ISIS’ jihadi brides raise group’s black flag over refugee camp in chilling sign fanatics are rising from the ashes – The Sun

SHOCKING footage from the notorious Al Hawl refugee camp shows former jihadi brides raising the ISIS flag amid fears the group could be making a resurgence.

The former home of British ISIS bride Shamima Begum is well-known for housing some of the most radicalised followers and violent outbursts are common at the camp in Northern Syria.

The video, shared online by ANHA news agency, shows the mercenary women surrounded by children as they chant 'Islam State to remain' and carry the ISIS flag through the camp.

The women, wearing all black, a rule previously enforced by the terrorist group during its reign, caused chaos at the refugee facility that houses some of the most dangerous campmates.

The camp has seen several violent outbursts in the past, with guards being stabbed, tents set ablaze and many making attempts to escape with little chance of those supporting the extremist ideology being deradicalised.

The video is the most recent to emerge after several others revealed campmates were still supporting the terror group after they were defeated by the Syrian Democratic forces in October, last year.

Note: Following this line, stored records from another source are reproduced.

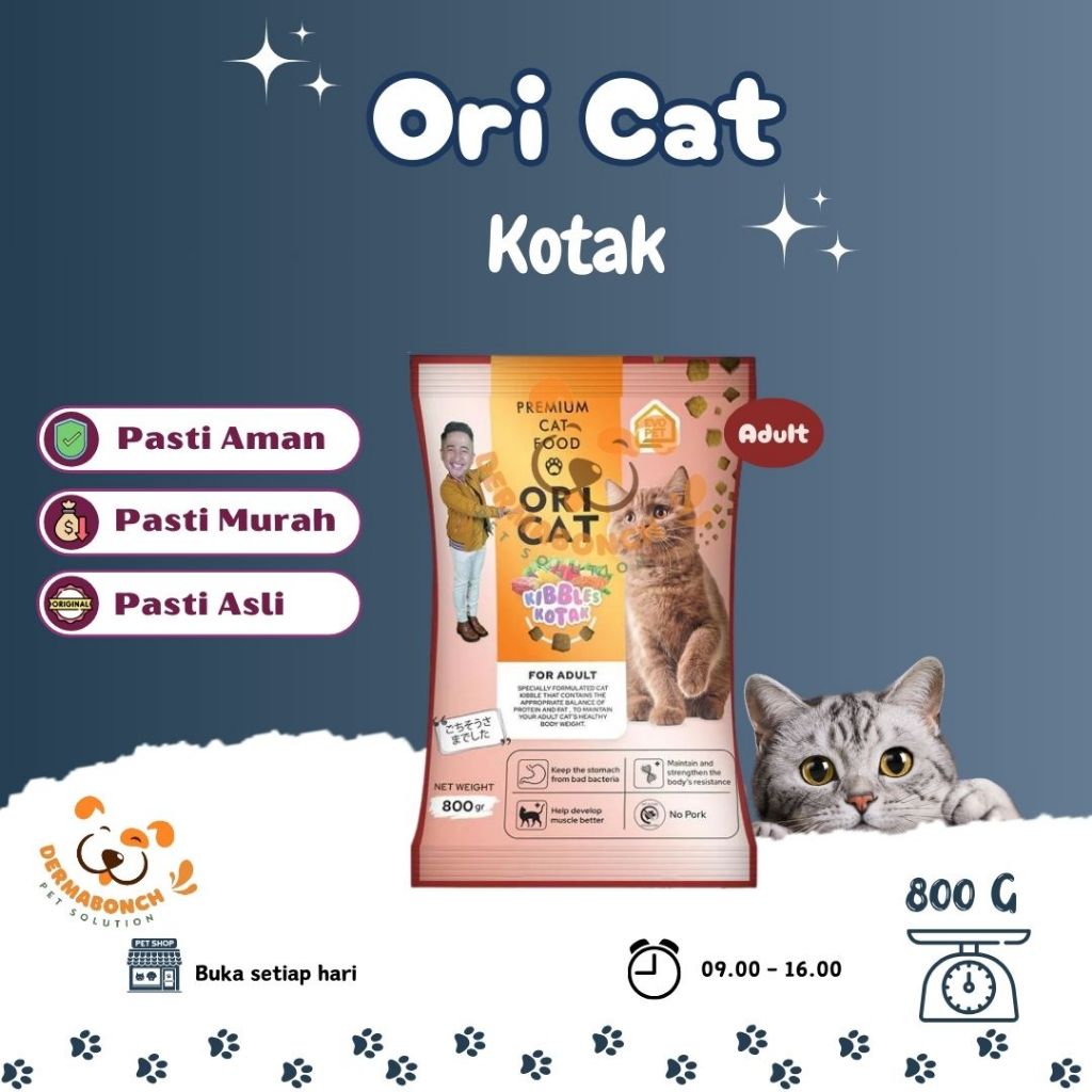 CAT FOOD MAKANAN KUCING ORI CAT / ORICAT ADULT (DEWASA) BENTUK KOTAK / IKAN 800g 800 g 800 gr 800gr 800gram 800 gram
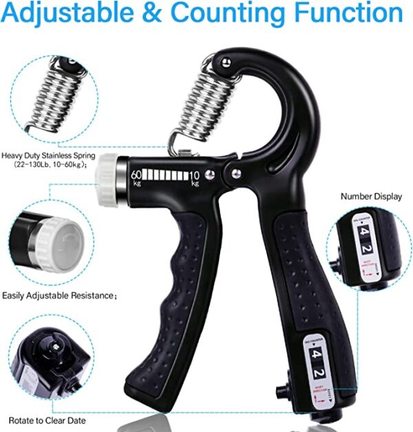 - 【Suitable for All Age Group】The hand grip strengthener is adjustable between 22-132lbs (10kg-60kg),suitable to adults, elderly ,adolescents, men and women, hand grip exerciser strengthener could exercise finger flexibility, palm grip, increase arm muscles and strength. It is ideal for musicians, fitness people and sports people to train.
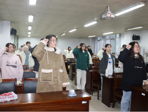 仪式上,伴随着激昂的团歌,老团员代表为新团员佩戴上了象征着青春与责任的团徽。这一刻,不仅是对新团员身份的认可,更是对他们未来道路的期许。新团员们面对团旗,举起右拳,庄严宣誓:“我志愿加入中国共产主义青年团,坚决拥护中国共产党的领导……”铿锵有力的誓言,在会议室内回荡,表达了他们加入共青团后的坚定信念和决心。
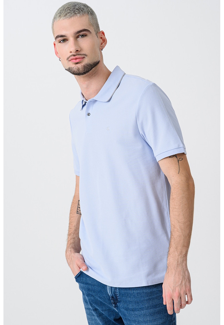 Тениска от памучно пике с яка – Пастелносин CALVIN KLEIN

A video showing an ISIS flag being raised circulated online in July last year, as it was revealed that former jihadi brides were raising their young children to follow the extremist terror group.

It was also revealed that 'civil-war' type conditions had broken out in the facility between extremists and westerners while brides pushed their beliefs on social media channels, such as Instagram.

Guards are often caught up in the chaos, being attacked by former brides, who label them infidels, as they smuggle weapons into the camp and continue their practices.

The video is now another sign among many that there is growing support for an Islamic State revival in the region.

Fears are growing that an ISIS resurgence could take place as the world is distracted by the current coronavirus pandemic.

Reports showed that former Islamic State members had attempted to break out of prisons and even carry out suicide bomb attacks after taking advantage of the Covid-19 outbreak in the region.

There are currently up to 3,000 ISIS fighters in Iraq and attacks have increased five-fold in the last month as half the country's soldiers have been quarantined.

Syria has currently suffered four deaths and 121 cases of coronavirus but it is feared the number could be a lot higher due to poor hygiene in poverty-stricken areas.

The Guardian also reported that food supplies were dangerously low in the country with fights breaking out at food trucks and basic essentials such as soap and disinfectant being made unaffordable by profiteers.